PE-22-28

A synthetic 7-amino-acid peptide derived from sortilin (parent compound spadin). 300–500x more potent than spadin. Investigated as a fast-acting antidepressant — works on a different mechanism than SSRIs. Hunter Williams (Apr 2026): may work in 4 days vs the 3–4 weeks SSRIs typically require.

Selectively blocks the TREK-1 potassium channel in serotonergic neurons. Without TREK-1 dampening neuron firing, serotonin signaling increases rapidly. Also strongly upregulates BDNF (brain-derived neurotrophic factor) — driving new neuronal connections within hours. Mechanism is independent of monoamine reuptake.

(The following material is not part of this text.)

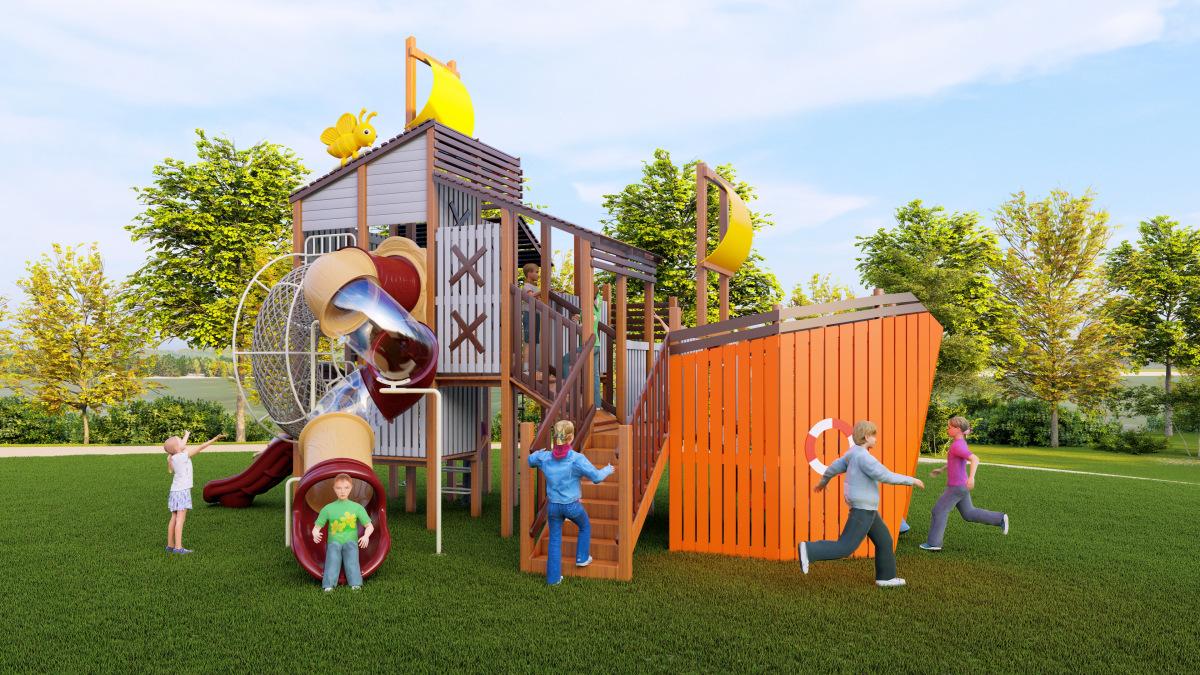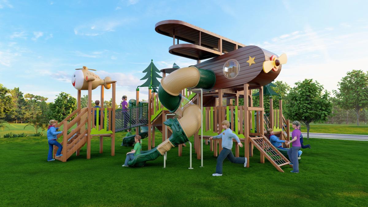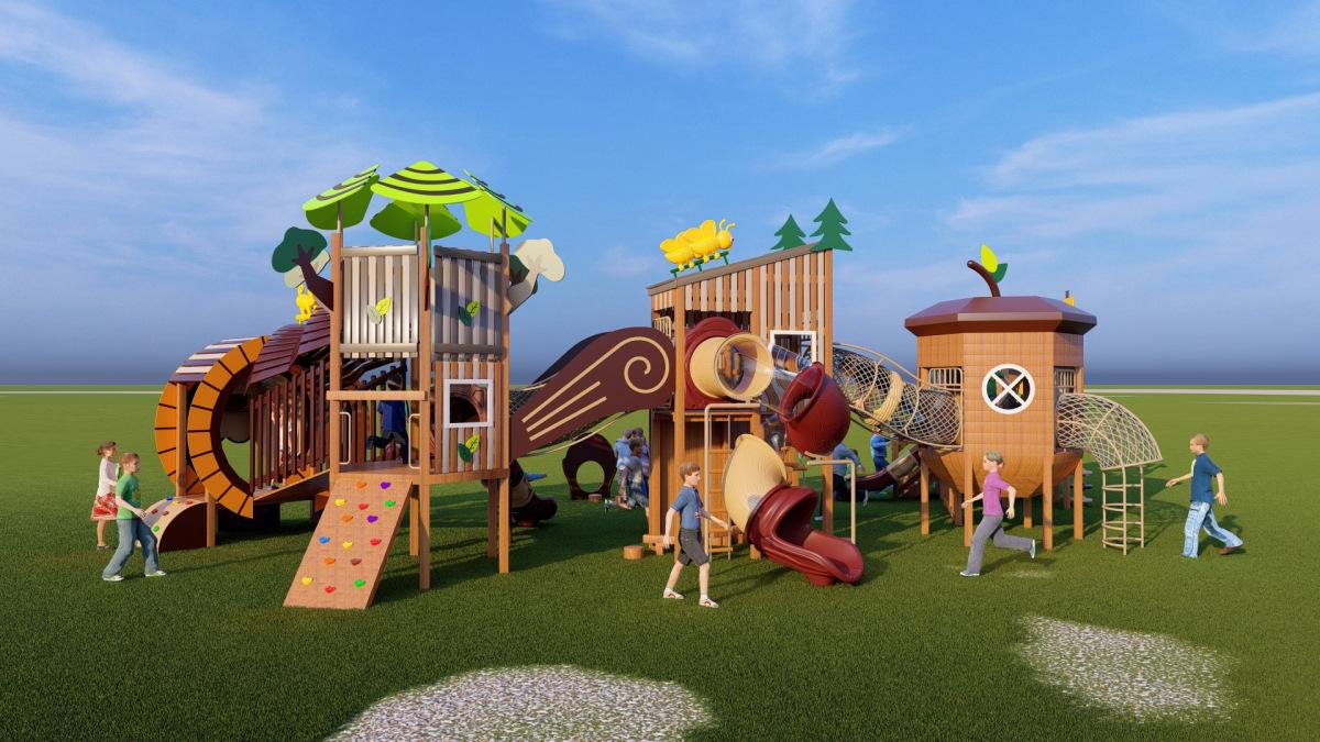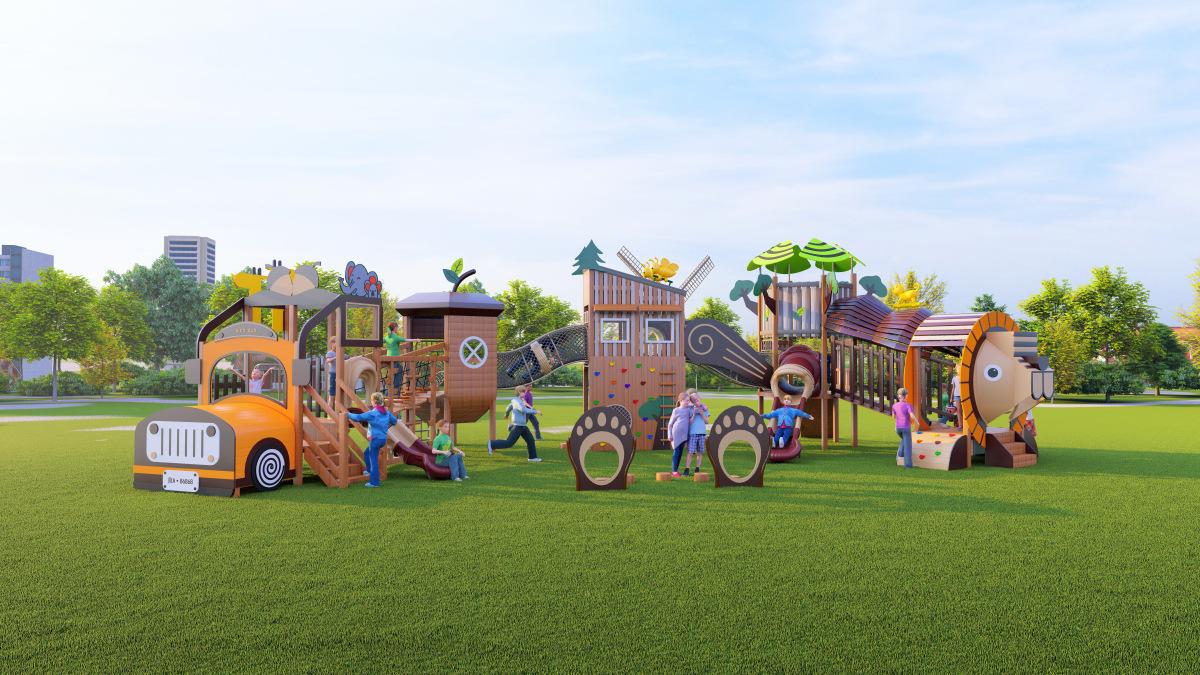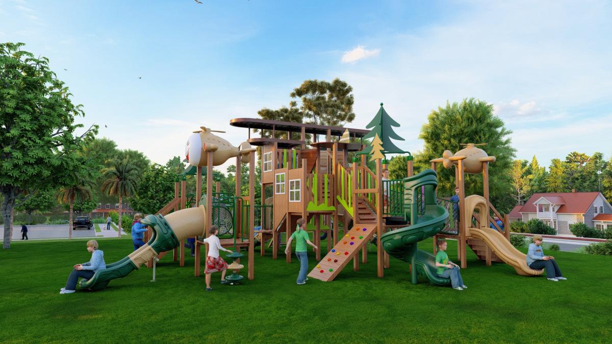 Tobogán de madera de combinación de pelo liso de fábrica para exteriores, gran parque de juguetes para niños, instalaciones comunitarias al aire libre, equipo de entretenimiento

Animal data is robust for rapid antidepressant effect, BDNF elevation, and anxiolytic action. Zero human RCTs to date. What data exists is personal experimentation by clinicians (Hunter Williams) and biohacker community reports.

Sources: PubMed: spadin TREK-1

Range

250 mcg/day SubQ

Frequency

4–5 days on / 2–3 days off (Hunter Williams protocol)

Duration

Short cycles; no long-term safety data

Sources: PubMed

Common

• Limited data — Hunter Williams reports clean profile vs SSRIs
• No withdrawal effects reported
• No cardiovascular effects observed

Serious / theoretical

• Long-term safety unknown — no human RCT data
• Combining with SSRIs theoretically problematic (serotonin syndrome risk)
• Avoid in pregnancy

Sources: PubMed

Promising but unproven — Hunter Williams (Apr 2026) is the highest-profile clinician currently using it. The TREK-1 mechanism is genuinely novel for depression. If you're on SSRIs/SNRIs, this is NOT a swap — combining serotonergic agents risks serotonin syndrome. Treat as experimental.